Exploring cisplatin resistance in ovarian cancer through integrated bioinformatics approach and overcoming chemoresistance with sanguinarine

Abstract

Ovarian cancer is refractory in response towards platinum-based chemotherapy, and resistance frequently develops. We attempted to identify the driving pathways in cisplatin-resistant ovarian cancer and develop targeted therapies to overcome this resistance. Using an integrated bioinformatics approach, a GSE15372 database from NCBI's Gene Expression Omnibus database was obtained for identifying differentially expressed genes (DEGs), in which 535 DEGs were found (407 up-regulated and 128 down-regulated) in association with ovarian cancer cisplatin-resistance. Gene ontology and pathway enrichment analyses further found that aberrant activation of EGFR/ErbB2 signaling was the driving event in resistant cells. A network of dysregulated genes was built based on these identified DEGs and protein-protein interaction network, which led to the identification of 7 potential inhibitors based on screening a 77 small molecule natural product library. Sanguinarine, alone and in combination with cisplatin, was found to significantly suppress the proliferation of wt/resistant ovarian cancer cells in vitro and the growth of parental and resistant ovarian xenograft tumors in vivo. Our study suggests that EGFR/ErbB2 activation is one of the driving pathways in developing cisplatin-resistance in ovarian cancer, and that sanguinarine has the potential to be developed as an effective therapy to overcome this therapeutic resistance.

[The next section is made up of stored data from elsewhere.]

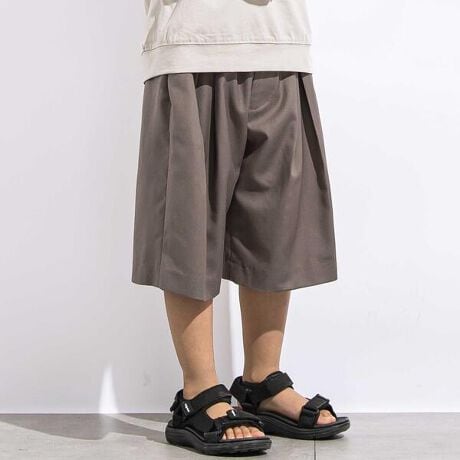ウエストにタックを入れて裾に向けて広がるワイドシルエットに仕上げています。
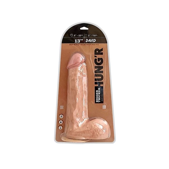 Maak kennis met de HUNG'R David, een indrukwekkende dildo die speciaal is ontworpen voor de enthousiaste gebruikers. Met een lengte van 33 cm en een diameter van 7,60 cm biedt deze dildo een uitdagende en bevredigende ervaring. Gemaakt van zacht PVC, voelt David niet alleen prettig aan, maar is hij ook ontworpen om een realistische uitstraling te hebben. De gedetailleerde afwerking zorgt ervoor dat je het gevoel hebt met een echte partner te spelen. Of je nu alleen bent of samen met iemand anders, David belooft een spannende en plezierige tijd.
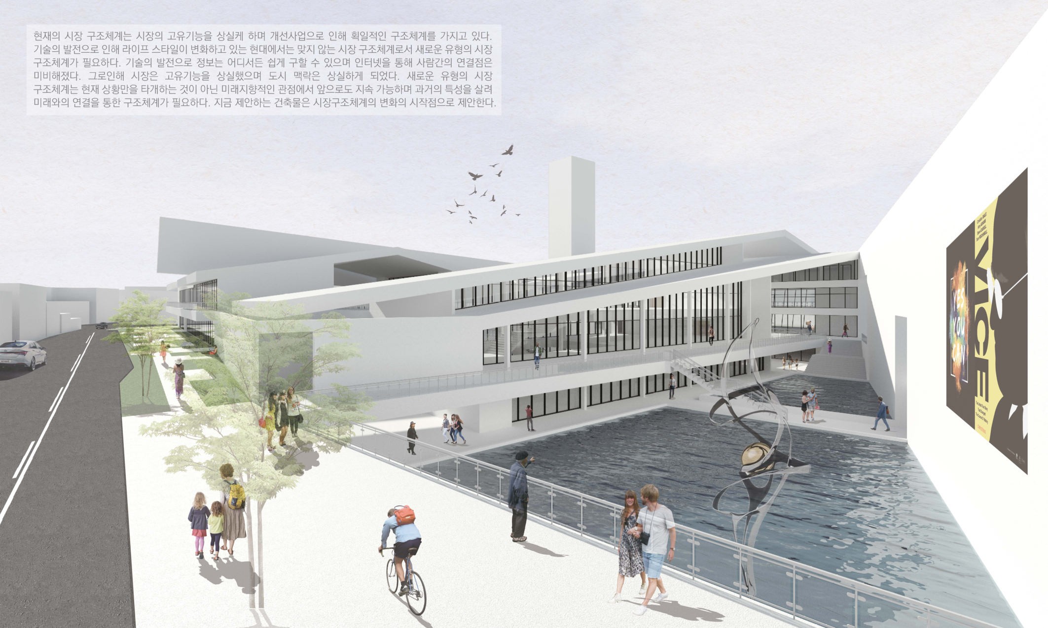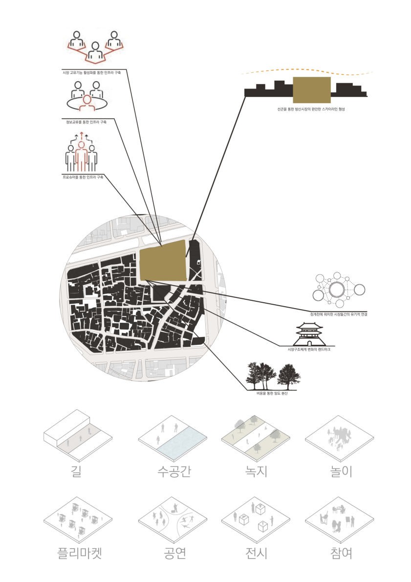 전통시장은 오랫동안 근린의 소매유통 중심지로서 사회문화적 활동과 정보 교류 공간으로서 기능을 담당해왔다. 하지만 현대에 들어서 기술의 발전과 생활양식의 변화로 인해 전통시장은 크게 쇠퇴하였으며 고유기능을 상실하게 되었다. 현재 시장 개선사업은 시장의 특성을 고려하지 않은 획일적인 개선 방안으로 인해 뚜렷한 성과가 없으며 전통시장의 다양성을 고려하지 않은 계획으로 인해 도시의 맥락이 사라졌으며 특색이 사라진 시장으로 변모하고 있다. 청계천에 위치한 시장들 간의 유기적인 연계를 통해 인프라를 구축하며 각 시장의 특성을 활용하여 생산자와 소비자 간의 경계를 허물고 지속가능한 새로운 시장구조체계 유형을 제안하려 한다.
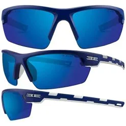 Epoch Link Sport Sunglasses, EE8258. Blue and White frames with Polarized Blue Mirror lenses. The Epoch Link is an original design from Epoch Eyewear. Shatterproof polycarbonate lenses for maximum protection. The frame includes the most overall inlayed rubber of any of our styles to ensure a perfect fit and durability. These features make this one of our favorite styles. Mirror lenses are constructed by applying a reflective coating to a smoke lens base. These unique products deliver the same protection as smoke lenses but have the added benefits of enhanced color perception while reducing glare, all due to the addition of the color reflective coating. Ideal for full-sunlight, snow, and water-reflective conditions. Light transmission 10-13% depending on reflective coating applied. Meets or Exceeds ANSI Z87.1 Standards. Epoch Eyewear is a Veteran owned and operated company. We are proud to be a part of the Veteran community and build a company that provides jobs and great products. EE8258
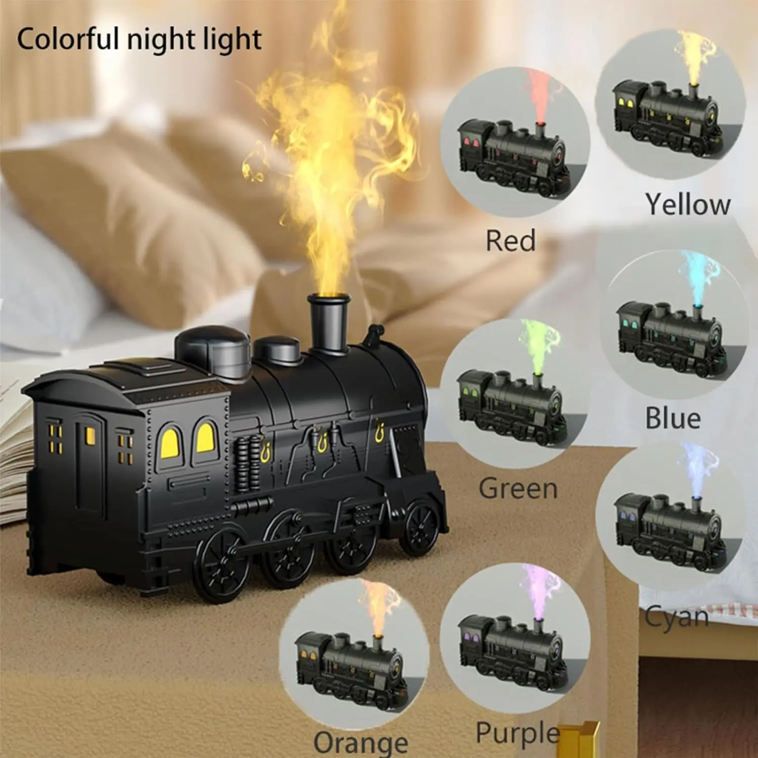 Essential Oil Diffuser, Steam Train Aromatherapy Diffuser, 300 ml Retro Train Humidifier, with 7 Colors Light 2 Mist Modes, Simulate Train Sound,Bedroom Home Office(Black)

Keywords: Ovarian cancer; cisplatin-resistance; differentially expressed genes; gene expression profile; sanguinarine.

Figure 1

Cross-networks for the Differentially Expressed Genes (DEGs). A. Box graphs for the genes in chip data. B. Box graphs for RMA in chip data. C. Signal Intensity Scatter plot. D. Scatter plot for RMA Signal Intensity. E. Up-regulated genes. F. Down-regulated genes.

Figure 2

Effect of sanguinarine on the growth of SKOV3, SKOV3/DDP, A2780, and A2378/DDP cells. A. Cell growth imagines (100×) were taken 48 h after treatments. B. OD values for cell viability assessments. Control group treated with PBS; sanguinarine group treated with 2.24 μmol/L of sanguinarine dissolved in DMSO; cisplatin group treated with 2.5 μg/ml of cisplatin; and combined group treated with sanguinarine (2.24 μmol/L) and cisplatin (2.5 μg/ml). C, D. Cell growth inhibition assessments for SKOV3 and SKOV3-DDP cells over 72 h. E, F. Cell growth inhibition assessments for A2780 and A2780-DDP cells over 72 h. Statistical analysis compared to control: *, P<0.05; **, P<0.01; and ***, P<0.001. Three independent experiments were performed.

Figure 3

Effect of sanguinarine on the growth of xenograft tumors developed from SKOV3 and SKOV3/DDP cells. A, B. Animal photos. C. Tumor photos. D, E. Tumor growth curves for SKOV3 and SKOV3-DDP xenografts (n=3 in each group). F. Tumor volume doubling time. G. Tumor weights for each group. H, I. Body weights of mice. Compared to control *, P<0.05; **, P<0.01; and ***, P<0.001.

Figure 4

Mechanisms by which sanguinarine suppresses resistant ovarian cancer cells. A. Biomarker expression in xenograft tumors. Tumor sections were stained with H & E, and IHC with specified antibodies. Representative images were taken and shown in designated magnitude. B. Analysis of the IHC intensity of biomarkers in parental and cisplatin-resistant ovarian cancer xenograft tumors. Percentage of positive-cells was defined as the average of positively stained cells in 5 random areas in a slide. C. Schematic drawing of potential mechanisms sanguinarine overcomes chemoresistance in resistant ovarian cancer.